While ‘likes’ have value, comments and shares carry more weight. So, when a particular post gets more engagement in terms of comments and shares, and to a lesser extent, likes, it sticks around longer before getting lost in the archives.

Ideal Image Sizes for Facebook Fan Page Image Posts

Just like images uploaded for paid Facebook advertising, images for image posts have specific dimensions that help maximize their effectiveness. In general there are two different views for an image in an image post.

The post can be viewed on its own page, or within the news feed. A good size to go for for the upload is about 960×740. Other sizes will work too. It’s best that the main viewable area fits into a 730×730 or 740×740 square so that it is viewable in its entirety in the news feed.

Now, if you intend to include one or more links within the content area of an image post, be sure and upload the image first so that a preview of the URL isn’t displayed instead of the pic.

Testing a Facebook Image Post by Setting the Date For Some Time in the Future

You can set an image post to be displayed in the future so that you can preview what it looks like before publishing.

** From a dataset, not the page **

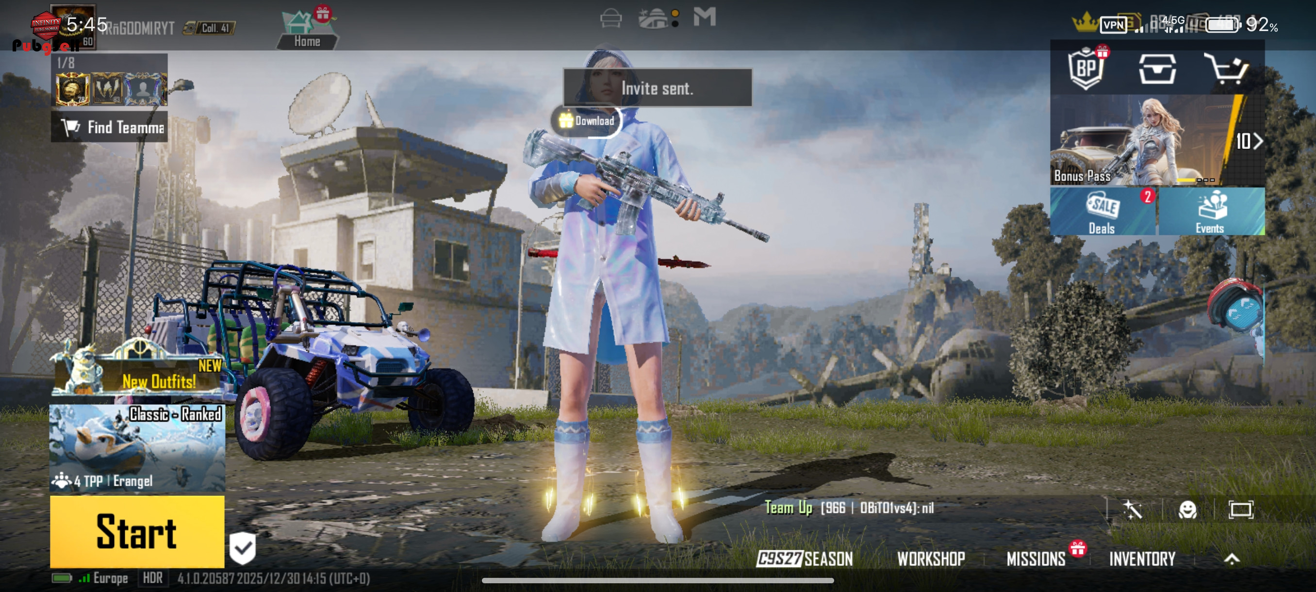 اکانت کاملا اماده تحویل هستش اکانت دارای : امفور یخی 3 ام هفت صد متیک فورج تامسون الایت 1 پیپی بایزن الایت1 یوزی الایت کیل مسیج امجی متیک فورج 1 1عدد متیک فورج و 22شکسته 9مینی مت لباس یخی

Just click the left most icon (the clock) below the post edit screen.

You can then let it auto-post at the set date/time or modify the date so that it publishes right away.

Also keep in mind that you can edit the text description and date of an image post at any time. Just click on it from within the timeline and click the edit link on the right side of the screen. Make your changes, and then click the “Done Editing” button.

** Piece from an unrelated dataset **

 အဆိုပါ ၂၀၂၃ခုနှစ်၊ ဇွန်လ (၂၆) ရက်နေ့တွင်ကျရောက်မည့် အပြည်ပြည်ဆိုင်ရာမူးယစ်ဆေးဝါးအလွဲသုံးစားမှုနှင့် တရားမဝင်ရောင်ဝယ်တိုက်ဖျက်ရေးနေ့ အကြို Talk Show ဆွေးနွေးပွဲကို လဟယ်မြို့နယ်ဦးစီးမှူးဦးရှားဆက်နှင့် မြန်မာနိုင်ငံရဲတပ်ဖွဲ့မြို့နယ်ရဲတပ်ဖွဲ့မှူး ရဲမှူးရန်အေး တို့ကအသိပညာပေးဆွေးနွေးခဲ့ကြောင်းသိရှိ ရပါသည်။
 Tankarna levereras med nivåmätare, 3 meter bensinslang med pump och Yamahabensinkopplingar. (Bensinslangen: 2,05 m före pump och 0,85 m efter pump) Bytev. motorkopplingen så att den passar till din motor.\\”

Sharing URLs to Your Facebook Page

As you probably know, you can also share URLs to your Facebook fan page news feed.

I follow many pages where that is all that they do. They have busy sites with new content being added constantly so they share one or more pieces of the content to their Facebook pages each day. And that’s really all they do. They share their own links.

And, all that they do is share the plain URL, and do not add any commentary or encourage any comments. Things just tend to happen on their own.

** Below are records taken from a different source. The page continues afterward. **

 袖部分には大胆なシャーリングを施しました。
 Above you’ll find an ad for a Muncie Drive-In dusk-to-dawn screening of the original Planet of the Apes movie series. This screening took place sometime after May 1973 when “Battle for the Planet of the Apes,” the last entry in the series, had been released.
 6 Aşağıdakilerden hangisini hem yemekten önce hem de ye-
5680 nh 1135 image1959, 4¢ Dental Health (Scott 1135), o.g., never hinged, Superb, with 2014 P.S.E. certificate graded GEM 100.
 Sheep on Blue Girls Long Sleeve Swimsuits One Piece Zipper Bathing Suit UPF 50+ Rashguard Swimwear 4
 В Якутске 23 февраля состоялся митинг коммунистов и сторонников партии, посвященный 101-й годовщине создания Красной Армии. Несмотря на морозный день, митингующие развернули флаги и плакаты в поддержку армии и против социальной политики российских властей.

Well, when you share a URL, Facebook does its best to automate the gathering of the title, description, and thumbnail. I have never seen it get the title wrong. The description is usually OK, but it can be better (and controlled by the site owner). The image I would say has a 50/50 chance of being correct when left to automation. This can be controlled by the site owner as well.

The site owner can control the values of the title, description, and image before being shared to Facebook.

Here is the order that Facebook will look for each one:

Title: Open Graph tag; HTML title

Description: Open Graph tag; Meta description; First couple sentences of content

Image: Open Graph tag; usually the first image (it might skip the logo or ads if recognized as such)

So, it’s best to add some Open Graph tags to be sure of the accuracy of a share in Facebook. This gives you more control of it displaying properly which can help encourage sharing. Since you control the description, you can even include a call to action that may encourage click through to your site or commenting on Facebook.

Paying to Boost Facebook Posts

You also have the option to pay to boost a Facebook post. This ensures that more people see the post. In other words, it’ll stick around in news feeds longer.

How many more people that will end up seeing it is determined entirely by the range that you purchase, and even this is just an estimate. This doesn’t include organic views though. As people see the post, they may share it. If that’s the case, those views that come from the share will be over and above the paid views.

Your targeting option includes people that like your page, and also:

a) Their friends – or –

b) People that you choose to target

You can target people by geographic location down to the city level, and by age and gender.

Prices vary on many factors including the initial targeting option. Naturally, there are more potentials viewers (in most cases) when you target beyond the friends of your likes. You could be looking at anywhere from $40 to $600 depending on how many people you want to reach with your message.

That’s it. Thank you for reading this post.